レモングラス油には強い消毒作用がありますから、伝染病がひろがるのを食いとめます。このために、咽喉痛、喉頭炎、各種の熱病のような呼吸器の感染症にとくに効果的です。
この精油は筋肉痛に卓効があり、痛みを和らげて筋肉のしなやかさを増進させます。それは、これが乳酸を除去して循環を刺激する効果を発揮するためです。レモングラス油には筋肉を強壮にする働きがあって、ダイエットにより、あるいは運動不足のせいで皮膚が弛緩したときに有益です。これはまた、脚の疲れを、とりわけ長い時間立っていたあとの脚の疲労をとってくれます。

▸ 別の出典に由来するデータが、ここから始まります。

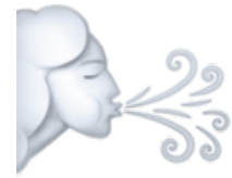
Le vent Le vent souffle / il vente
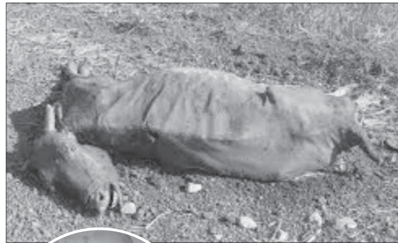
إحدى الايقار الناقفة بسبب المرض

تتابع: «اللقاح لا بد أن يكون محفوظا في درجة حرارة معينة، والمربون يقبلون على تحصين المشية الخاصة بهم ولا يتهربون من ذلك، لأن هذا التهريب قد يؤدي إلى إصابة المشية، ثم بيعها في الأسواق رغم علمهم بأنها مريضة»، مؤكدا أن هذه السلالات الخاطئة من جانب المواطنين تعد أحد الأسباب الرئيسية في انتشار الأمراض. الدكتور عادل عبدالعظيم، الأستاذ بكلية الطب البيطري بجامعة القاهرة، قال: «إن مرض الجلد العقدي ليس بجديد على مصر، فهو مرض موسمي يظهر في الصيف مع اشتداد الحرارة وانتشار الحشرات خاصة في مناطق بعض الزراعات، مثل قصب السكر». وأضاف «عبدالعظيم» أن هذا المرض يؤثر بشكل مباشر على الحيوانات ولا ينتقل للإنسان، حيث تعاني الحيوانات التي تصاب به من التورم في الرقبة والذليل وظهور عقد على الجلد، فضلا عن نقص الإنتاج من الألبان، وقد يموت عدد كبير من الحيوانات المصابة به، واصفا إياه بالمرض الخطير. وأشار الأستاذ بكلية الطب البيطري بجامعة القاهرة، إلى أن مواجهة ومقاومة هذا المرض تكون من خلال التحصين المبكر للماشية وليس قبل فصل الصيف بفترة قليلة كما يحدث الآن، كما يجب مراعاة القواعد والضوابط أثناء التحصين والتطعيم، بحيث يكون في ذيل الحيوان وليس تحت الجلد، كما يحدث حاليا، قائلا: «الحكومة بتستسهل وده السبب فيما وصلنا إليه».
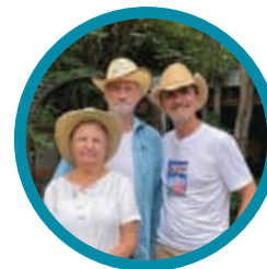
多文化な国・カナダを 反映する様々なホスト ファミリー
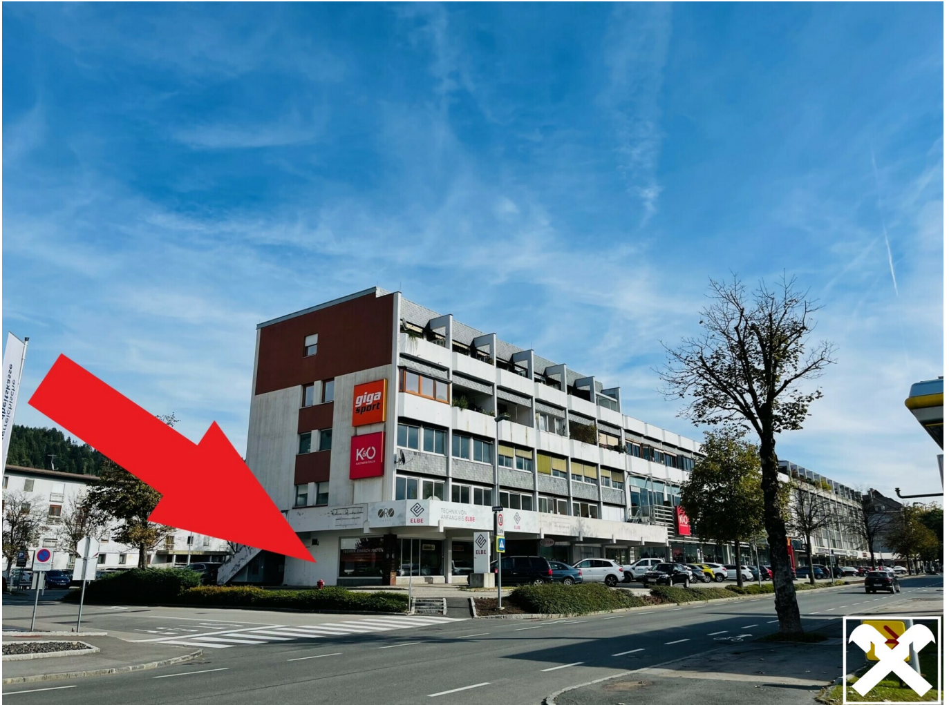
Gebäude mit Situierung
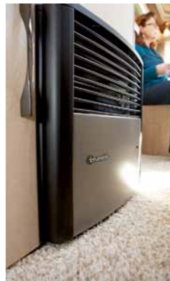
ELPANNA. Värmen i vagnen sköts av en Trumatic S3002.
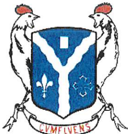
Mairie de COUFFOULEUX
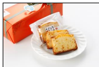
伊東ネーブルのパウンド
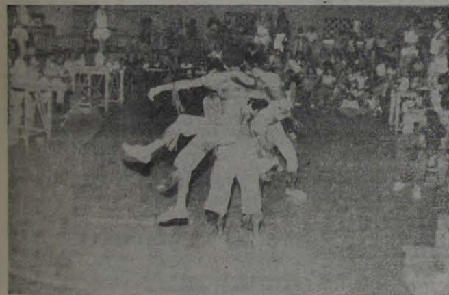
Tudo indica que brevemente teremos Roda de Samba e Ensaio Geral no Iguacu. Vi o Presidente e o Vice-Social no último dia 28, na "Casa Velha"...
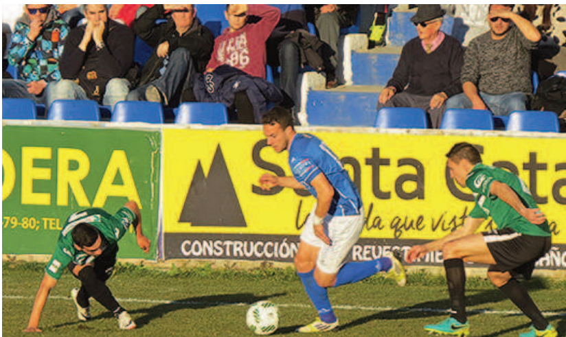
El Cartagena arañó un punto en Linarejos

El equipo leonés llevaba 18 jornadas invicto y tras perder contra el filial del Osasuna (2-1) doblaba de nuevo la rodilla en Tudela y ahora vez como por detrás se le aproxima el Rácing de Santander, que con 44 puntos está a solo dos de los leoneses.
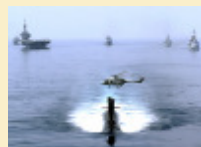
Marine nationale : La réalisation du programme RIFAN 2 notifiée
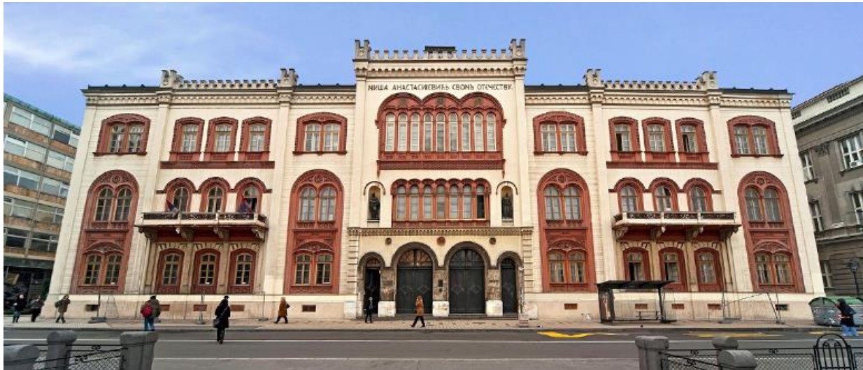
Hauptgebäude der Universität Belgrad

この精油には体にたいして賦活作用があることから、ジェットラグ〔長い空路をジェット機で行く旅客の心身の特別な疲労〕の症候のいくつかをかるくするのに効きめがあり、頭痛をなおし、疲労をとりさります。
虫を近づけないようにするのに、またペットの動物から害虫やノミをおいはらうのにこれが役立ちます。この精油にはデオドラント作用があるので、ペットたちの体臭をこころよく保つのにも有益です。
さらに、レモングラス油は母乳哺育をしている女性の母乳の出をよくします。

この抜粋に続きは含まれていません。